With the assumption of little vibration, the inherent nonlinear characteristics of fluid-film bearings can be linearized at the static equilibrium position (Zhong, ; Abduljabbar et al., ). Then its governing equation can be expressed as (16) ${M_b}{\ddot u_b} + {C_{b1}}{\dot u_b} + {K_{b1}}{u_b} = - {C_{b2}}\left( {{{\dot u}_b} - {{\dot \hat u}_s}} \right) - {K_{b2}}\left( {{u_b} - {{\hat u}_s}} \right)$ , where ${u_b} = {\left[ {{V_b},{W_b}} \right]^T}$ are the displacements of the bearing node and ${\hat u_S} = {\left[ {{V_j},{W_j}} \right]^T}$ are the displacements of the journal node. M _b, C _b1, K _b1, C _b2 and K _b2 are included (Appendix), and the elements of the matrices are illustrated in Fig. 5. The generalized force acting on the journal is (Das et al., ) (17) ${Q_b} = {C_{b2}}\left( {{{\dot u}_b} - {{\dot \hat u}_S}} \right) + {K_{b2}}\left( {{u_b} - {{\hat u}_S}} \right)$ .

Fig.5
Bearing stiffness and damping

In the case of a high stiffness foundation, V _b=W _b=0, and the equation is simplified to (18) ${Q_b} = - {C_{b2}}{\dot \hat u_S} - {K_{b2}}{\hat u_S}$ .

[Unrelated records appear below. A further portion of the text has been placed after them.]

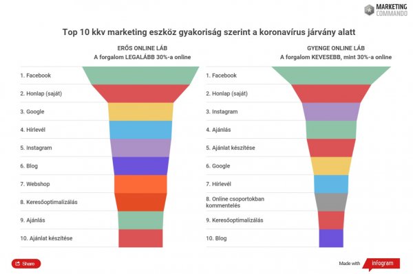 Ezzel szemben az online kevésbé fejlettebb cégeknél a divatos és „olcsó” eszközök vannak túlsúlyban. Például az Instagram a harmadik, miközben a webshop nem fért fel a tízes listára, igaz, éppen csak lecsúszott a 11. helyre.
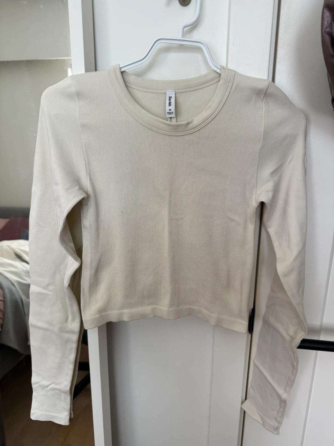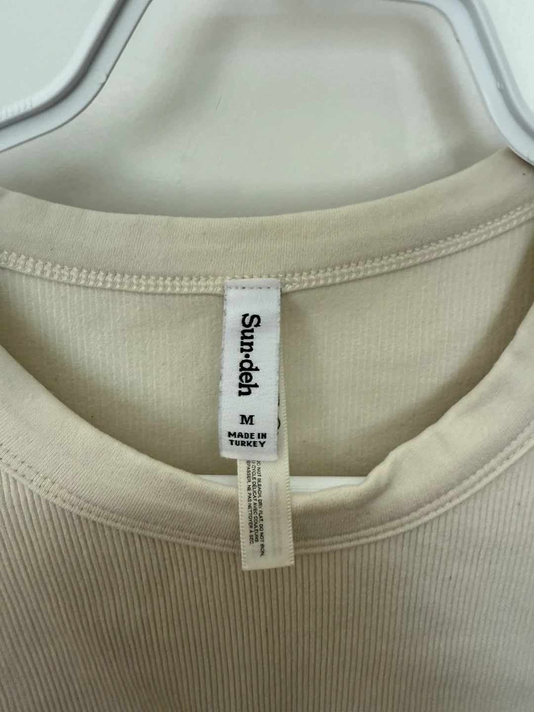 A ribbed long sleeve top by Sun-deh, perfect for layering or wearing on its own. It's a size medium and in great condition!
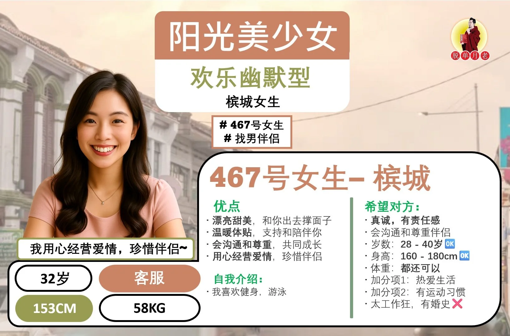这位【槟城 - 欢乐随性女】简介如下:
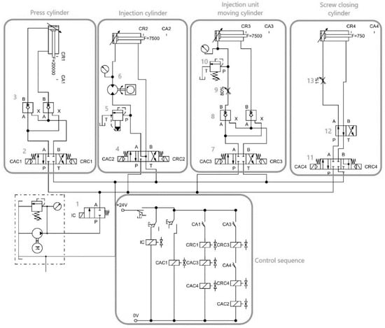 The production plant has a hydraulic circuit available at the ground floor to power the equipment. Thus, it is assumed that an oil tank and hydraulic pump are not required. As a result, the current design only deals with the selection of electro valves and respective accessories, and to propose the associated circuit. Figure 13 details the circuit proposal and corresponding control sequence for the injection machine.
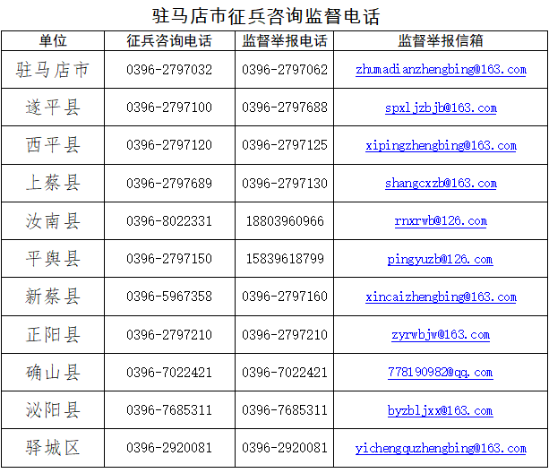 驿城区人民政府征兵办公室:0396-2920081
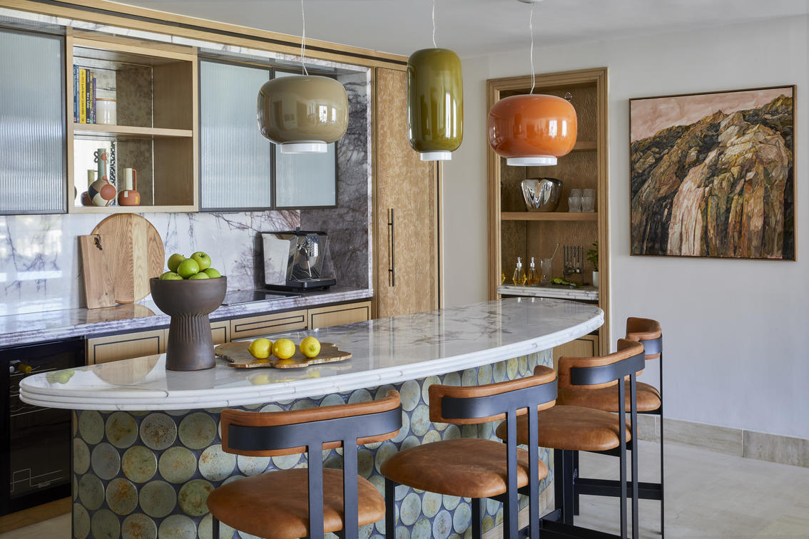 Every element was carefully considered, such as the painstakingly hand-painted dome shaped gemstone depiction piece above the curved headboard of the bed, the handmade ceramics representing the textures and colours of Table Mountain and the beaded pots representative of the vessels carried on the heads of the people of Africa, transporting the lifeblood of earth - water - to their families.

3. Assembly and system equations

3.1. System of a single rotating shaft

Fig. 6 shows a rotor-bearing system with a single rotating shaft. The vibration equation of the rotor can be obtained by combining Eqs. (4) and (14) (Shiau et al., ): (19) ${M^s}{\ddot u^s} - \Omega {G^s}{\dot u^s} + {K^s}{u^s} = Q_u^s + Q_d^s$ , Fig. 6

Typical rotor-bearing system

where M ^s, G ^s and K ^s are the mass, gyroscopic and stiffness matrices, respectively of the rotor system, and u ^s is the vector of its generalized coordinates. $Q_u^s$ is the unbalance force, and $Q_d^s$ denotes the interaction force between the rotor and bearings.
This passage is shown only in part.